The appeal acknowledges that cyanide concentrations have dropped to less than 0.2 miligrams per liter, within state legal limits. But it says other contaminants continue to exceed legal levels, including chloride, nitrate, selenium and sulfate.

''The heap contains 700 tons of salts and enough selenium to render the groundwater unusuable,'' said Glenn Miller, a University of Nevada-Reno professor who is chairman of the Great Basin Mine Watch.

Myers and Miller said the biggest problem is scientists don't really know enough about cyanide leach mining to handle the wastes responsibly.
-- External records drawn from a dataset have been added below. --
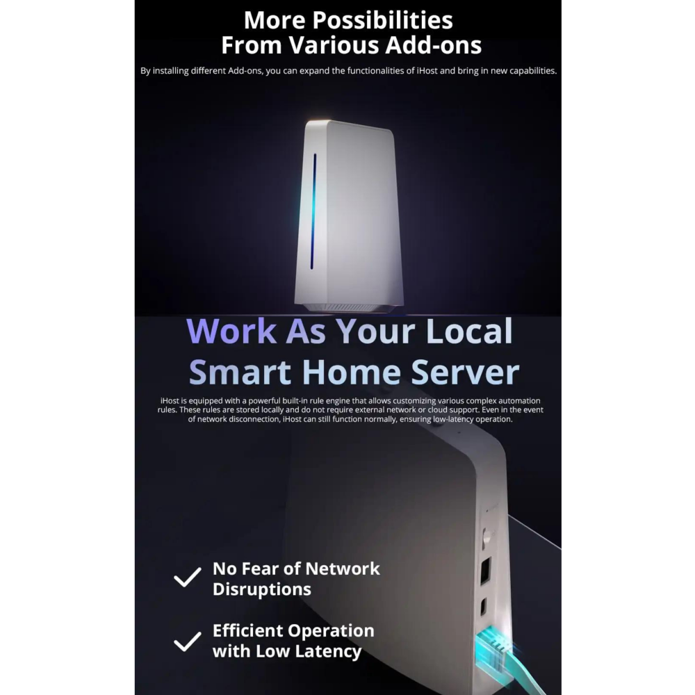【مركز التحكم المحلي】 يعمل مركز المنزل الذكي iHost كمركز تحكم محلي، مما يرفع تجربة التشغيل الآلي للمنزل لتكون أسرع وأكثر موثوقية وأكثر أمانا.
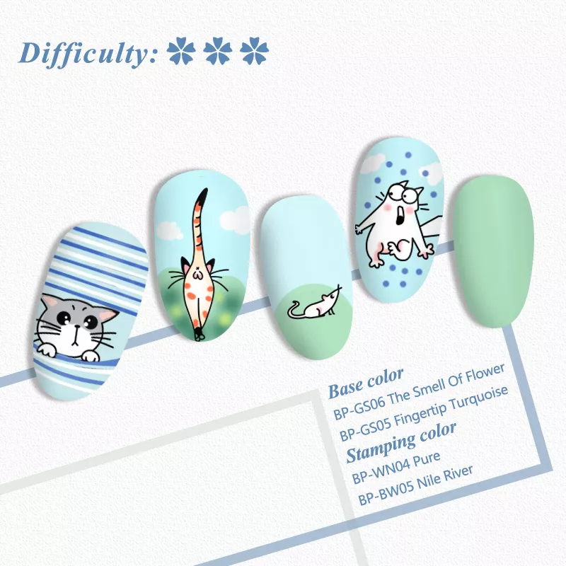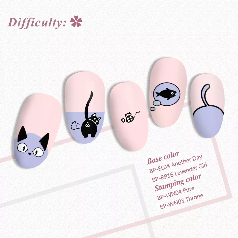 Способ применения: нанести небольшое количество краски или специального высокопигментированного лака для ногтей на пластину с трафаретами, убрать излишки скребочком, придавить подушечку-штамп к рисунку и перенести его на ноготь. После перекрыть рисунок защитным верхним покрытием.
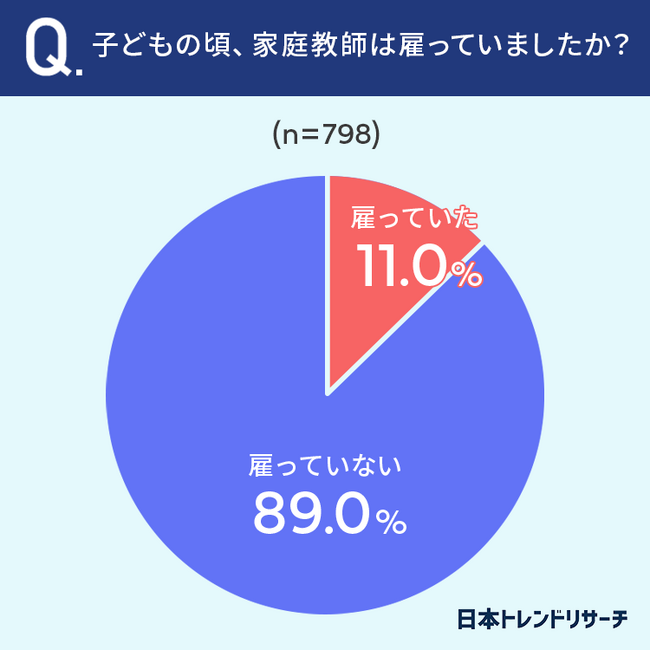 11%の方が「子どもの頃、家庭教師を雇っていた」と回答しています。
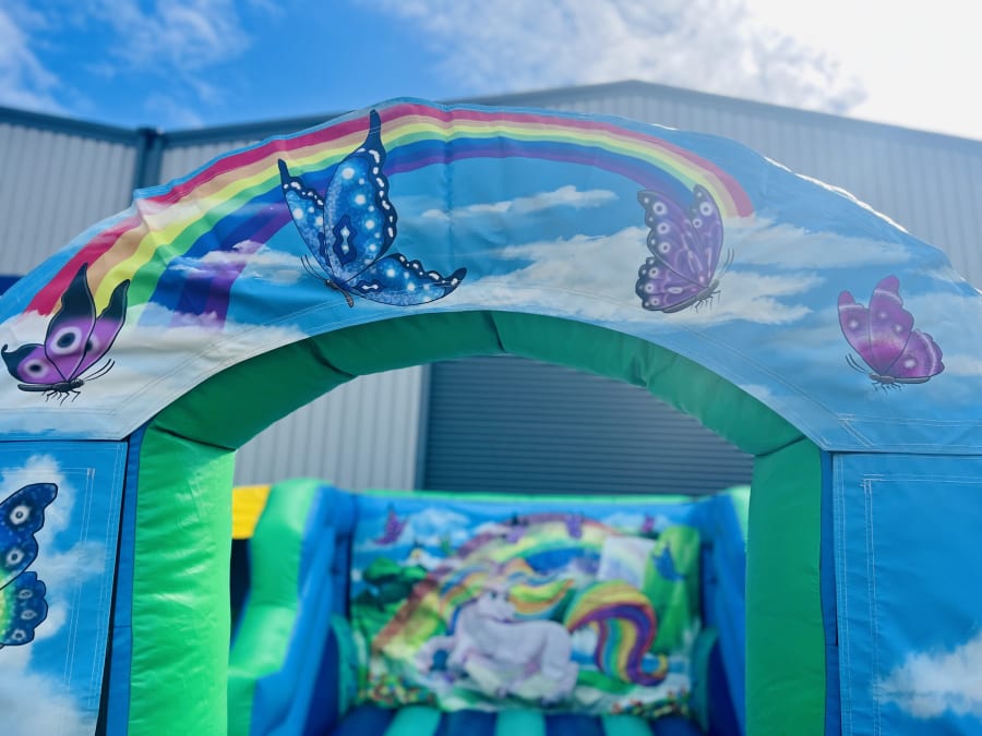 Unicorn themed play park includes two slides either side of the bouncy castle, a ball pool with air jugglers and a place for the unicorn soft play.
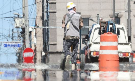 폭염이 계속되고 있는 9일 대구 한 공사장 인근에서 인부가 이동하고 있다. 연합뉴스 |

''Cyanide leaching is like nuclear waste. They started the things and never figured out how to close them,'' Myers said.

BLM disagrees.

''In general, we feel like we've got a good handle on it,'' Murphy said.

''There are certain assumptions made in any model. Probably no model duplicates what is really in the ground. But to say it was like one homogenous sponge we modeled, that is stretching it,'' he said.

So far, the state agrees with the BLM. The Nevada Division of Environmental Protection issued the mine a water pollution control permit in March, allowing the draining to begin.

The division agreed that though ''unregulated long-term heap draindown discharges to the environment may have the potential to degrade waters of the state,'' it concluded that the project is safe.

''Division's review of the Wind Mountain closure proposal indicates that there will be no degradation of waters of the state, including wet years that may occur over the next 100 years,'' the state division said.